The rule: never paste images directly from a browser. Save the image to disk first, then Insert → Pictures → This Device. The extra step takes ten seconds and produces a properly embedded image.
Cause 4: linked images instead of embedded.
Insert → Pictures gives you two options: Insert (embeds the image data) and Insert as Link (stores a reference to the file path). If you used Insert as Link and then moved, renamed, or deleted the source files, or opened the deck on a different machine, the links break and you see broken-image placeholders.
The rule: for almost all use cases, embed rather than link. The file size growth is worth the reliability. Linked images make sense only when you have very large image assets that change frequently and you need the deck to pick up the latest version automatically — a narrow set of use cases. The PowerPoint embedded vs linked images piece covers when each approach actually makes sense.
The PowerPoint configuration that prevents this
A few settings worth changing once, then forgetting:
-
File → Options → Save → AutoRecover information: set the interval to 5 minutes rather than the default 10. Keep “Keep the last autorecovered version if I close without saving” checked.
-
File → Options → Save → Save to Computer by default: check this if you want to default new files to local storage rather than OneDrive. This is preference; some teams genuinely benefit from default cloud saves. The point is to make the decision deliberately.
-
AutoSave (the toggle in the title bar): off by default for personal decks, on only for collaborative ones. The icon is right there at the top of the window; flip it to off when you start a personal deck and you’ll skip the most common cause of this failure mode entirely.
-
Update Microsoft Office: stay on a current build. Some of the historical image-disappear bugs were build-specific regressions that Microsoft fixed in subsequent updates. Help → Office Account → Update Options → Update Now.
-
Don’t compress on save for any deck where you might need to recover original images later: File → Options → Advanced → Image Size and Quality section → check “Do not compress images in file”. This bulks up your file but preserves originals.
What I’d skip
A few tactics get suggested in forums that don’t help and sometimes make things worse:
“Open and Repair” from File → Open: PowerPoint’s Open and Repair is mostly useful for files with corrupt XML that prevent opening at all. For images-disappeared cases where the file opens but shows red Xs, repair rarely improves things and sometimes prunes the relationships further.
Save As to a different format and back: Save As to .ppt (the older binary format) or to .odp and back to .pptx is sometimes suggested as a “reset”. It will usually destroy any remaining image data permanently. Don’t do this until you’ve extracted whatever you can from the ZIP.
Third-party “PowerPoint repair” tools: most of these are wrappers around the same ZIP-extraction technique you can do yourself, with a paid licence on top.
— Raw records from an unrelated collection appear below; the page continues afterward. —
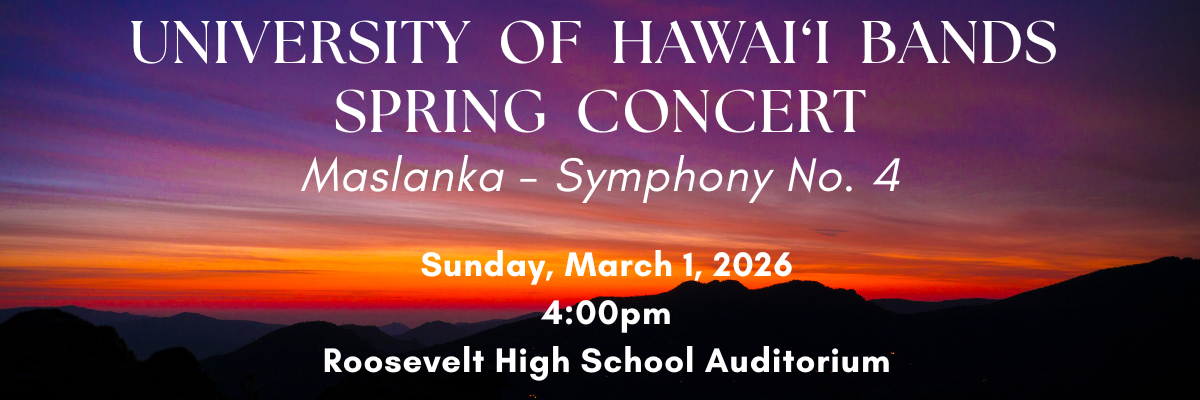 University of Hawaiʻi Bands Spring Concert MARCH 1, 4:00 PM Roosevelt High School Auditorium 1120 Nehoa Street, Honolulu, HI, United States March 1, 2026 UH Bands Spring Concert 4:00 pm Univearsity of Hawai‘i Symphonic Band Thomas Kloss, conductor Frank Ticheli – Sun Dance Jack End – Blues for a Killed Cat Minoo Dixon – Frequency Philip Sparke – Suite from Hymn of the Highlands University of Hawai‘i Wind Ensemble Jeffrey Boeckman, conductor Pablo Furukawa, graduate conductor Heinrich Schütz – Psalm 8 ... FRI 6
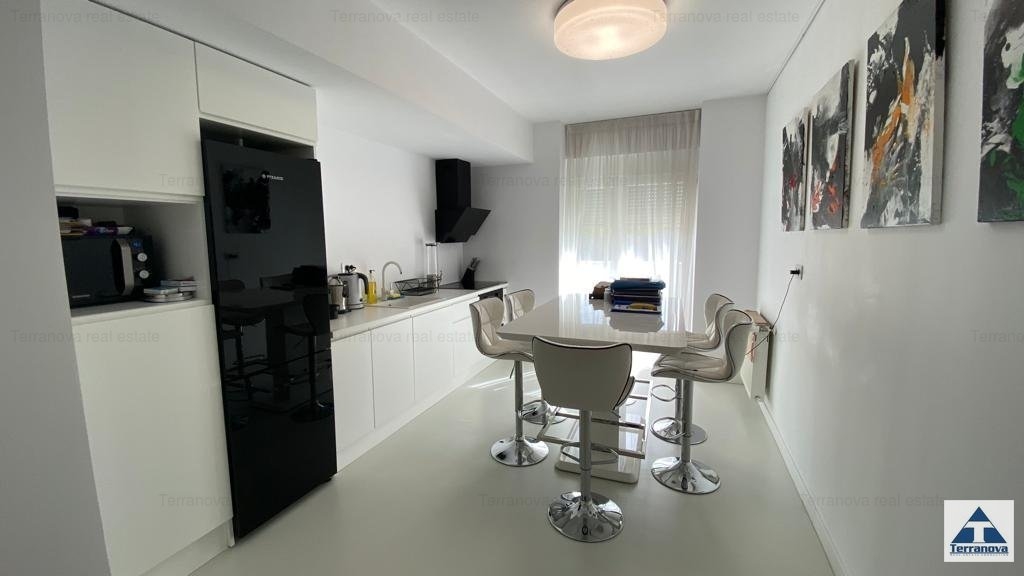 2/4, 139mp, camere spatioase, mobilat partial, renovat, terasa generoasa + balcon, vedere pe doua laturi, neobturata, doua locuri parcare, zona linistita, langa parc, ideal investitie sau locuire,
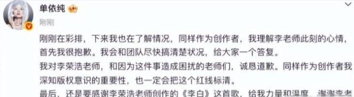 更好笑的是,事件发酵后,还有部分不解真相的粉丝发文辩解,宣称“《李白》是单依纯唱火的”,这番话几乎是倒置曲直。
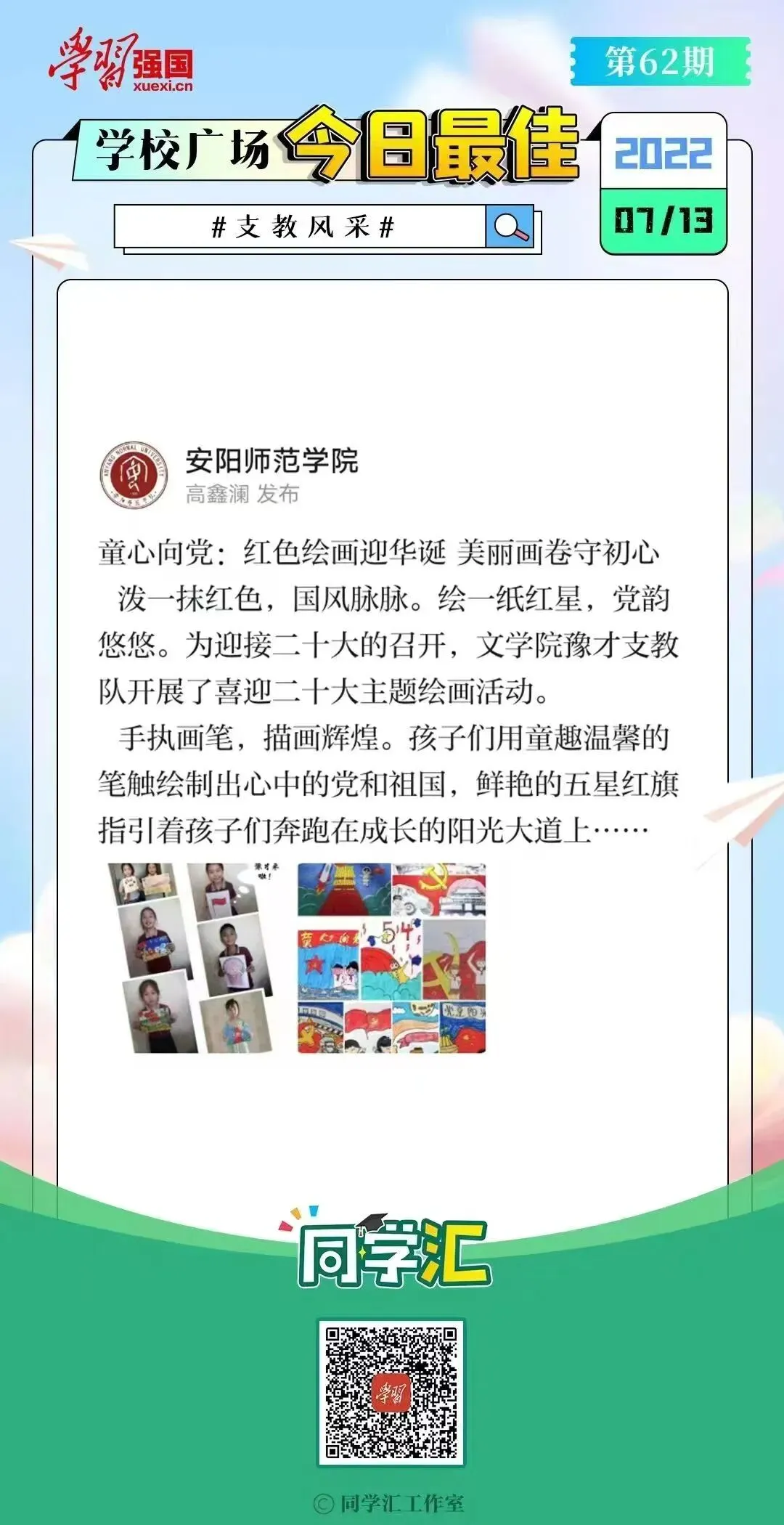 “一片甲骨惊天下,蕞尔一邑震寰宇”,“童心向党,筑梦成长”豫才支教队通过线上和线下相结合的模式向孩子们讲授甲骨文文化,支教队通过书写甲骨文、认识甲骨文表情包、合成甲骨文画等方式,在妙趣横生的互动中潜移默化地帮助了小朋友们了解和爱上了甲骨文。
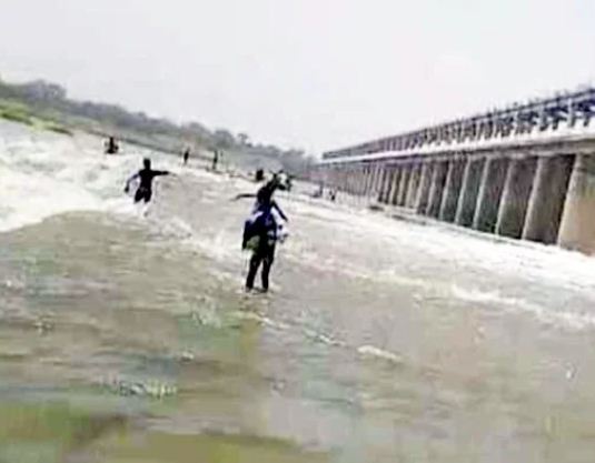 जांजगीर चांपा. शिवरीनारायण में महानदी पर बने बैराज के गेट अचानक खोल दिए जाने से इलाके में हड़कंप मच गया. बिना सूचना दिए गेट खोलने से नदी में नहा रहा एक युवक बह गया. वहीं बैराज के नीचे नहा रहे कई लोगों के बाइक और मोबाइल भी पानी में बह गए.

A handful do legitimate deep XML repair, but for image-disappear cases specifically, they cannot recover data that isn’t physically present in the file. Manual ZIP extraction is free, faster, and more transparent.
The bigger lesson: PowerPoint image loss is almost always preventable, and when it happens it’s almost always partially recoverable. The combination of “edit on local storage, embed don’t link, AutoSave off for personal decks, current build” prevents the vast majority of cases. And when it does happen, the ZIP trick is the first move, not the last resort.